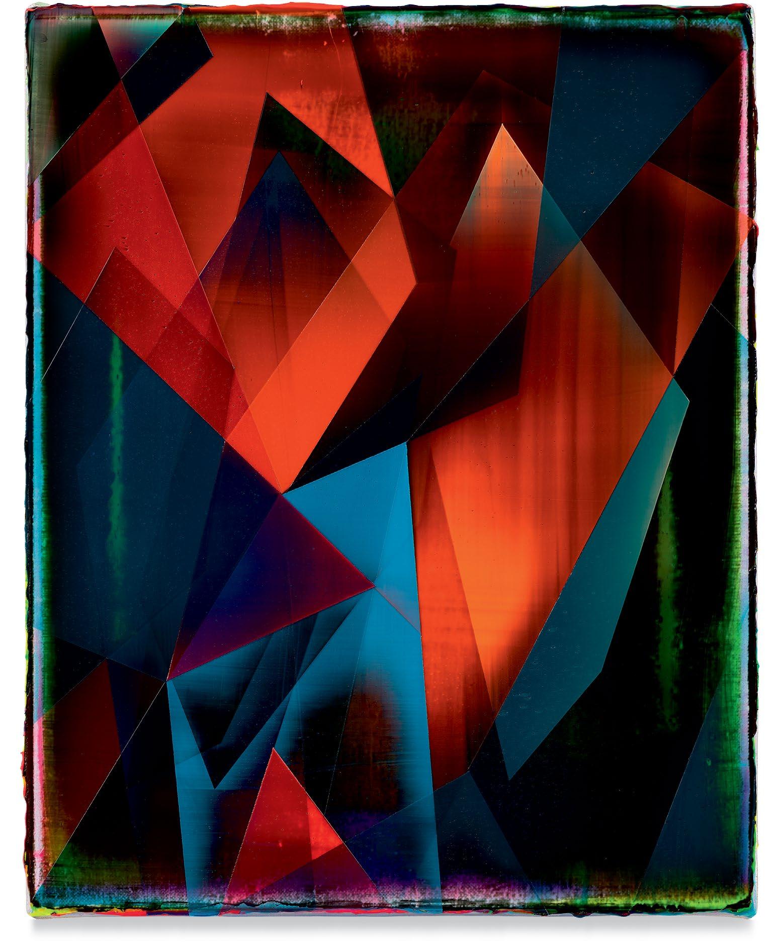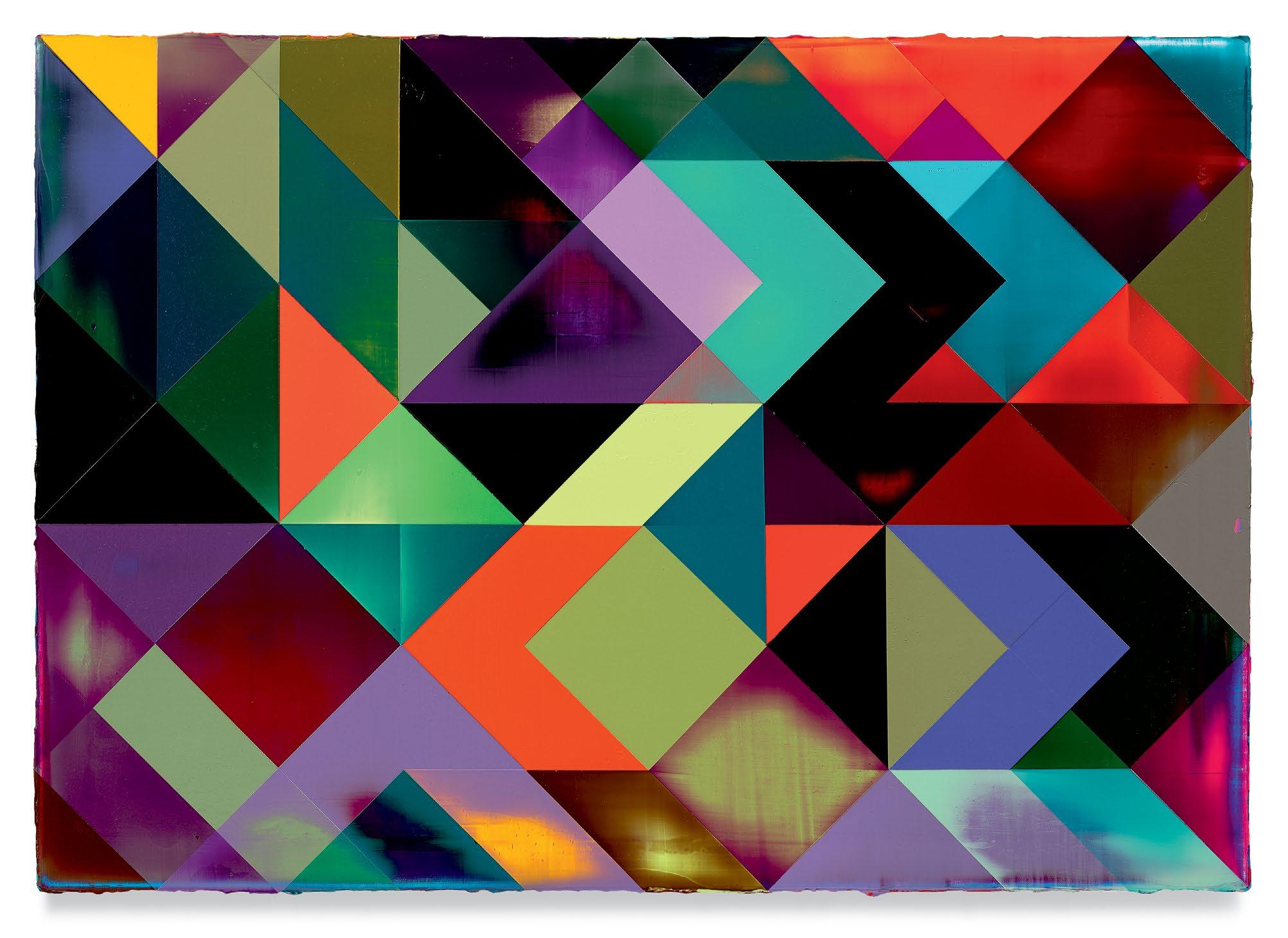 Such language can also be lifted to address Finley’s oeuvre. In the fractured picture plane of Aftermathematics, as well as the darker-toned Dragonaut and the vibrantly hued Mind Expander, angular shapes encounter each other, and shapes often transgress other shapes, occasionally meeting at pinpoint edges to fan out into kaleidoscopes. Each shape appears at once distinct and inextricable from
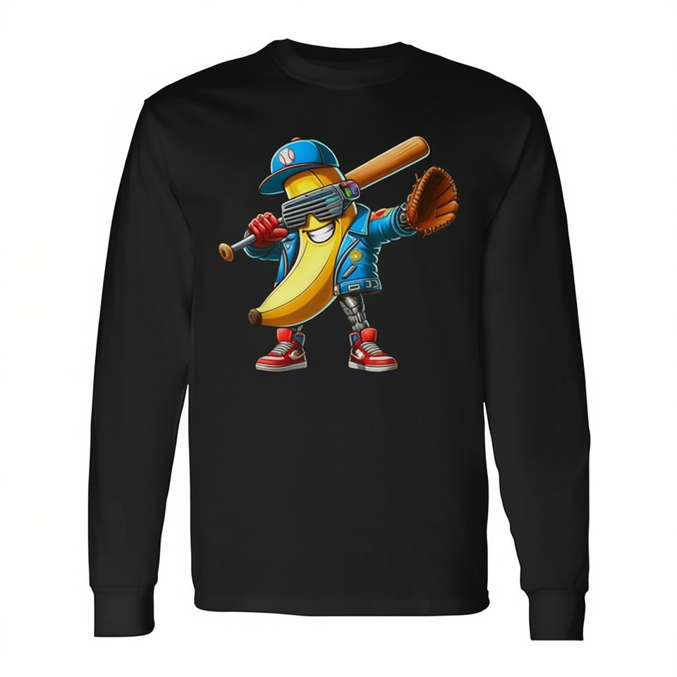 Simpatica maglietta a maniche lunghe con stampa di banane, design per gli amanti della frutta, tema baseball
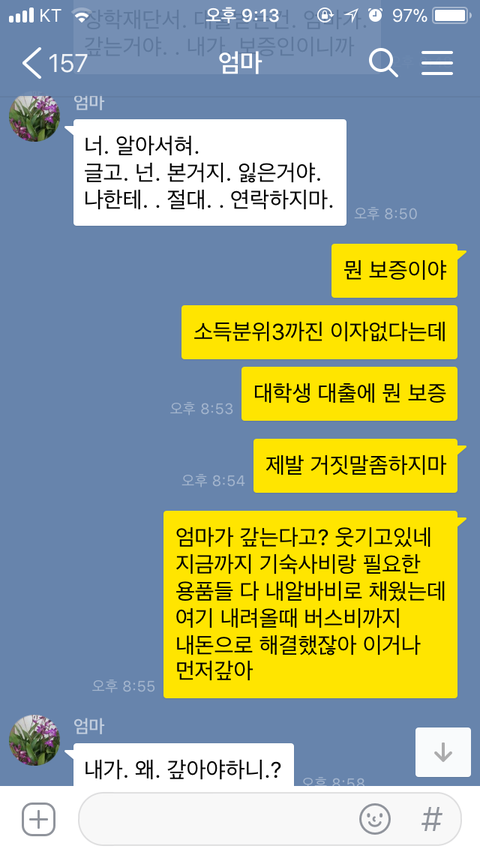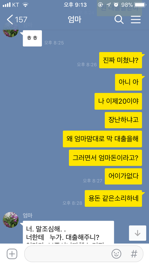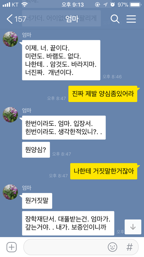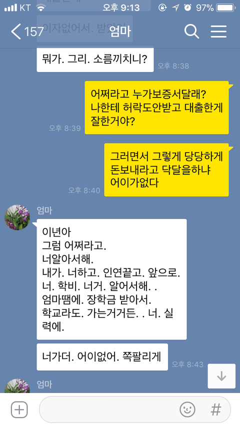 엄마가 남미새네 너는 애정결핍이고..엄마는 남편도 있고 아직 고1인 남동생도 있으니 너는 버린거야 넌 남자와 결혼후에 가버릴테지만 엄..

* PROBLEM REQUIREMENTS *
Where a picture appears, skip it and copy the rest of the data word for word.

* ANSWER BOX *
 Such language can also be lifted to address Finley’s oeuvre. In the fractured picture plane of Aftermathematics, as well as the darker-toned Dragonaut and the vibrantly hued Mind Expander, angular shapes encounter each other, and shapes often transgress other shapes, occasionally meeting at pinpoint edges to fan out into kaleidoscopes. Each shape appears at once distinct and inextricable from
 Simpatica maglietta a maniche lunghe con stampa di banane, design per gli amanti della frutta, tema baseball
 엄마가 남미새네 너는 애정결핍이고..엄마는 남편도 있고 아직 고1인 남동생도 있으니 너는 버린거야 넌 남자와 결혼후에 가버릴테지만 엄..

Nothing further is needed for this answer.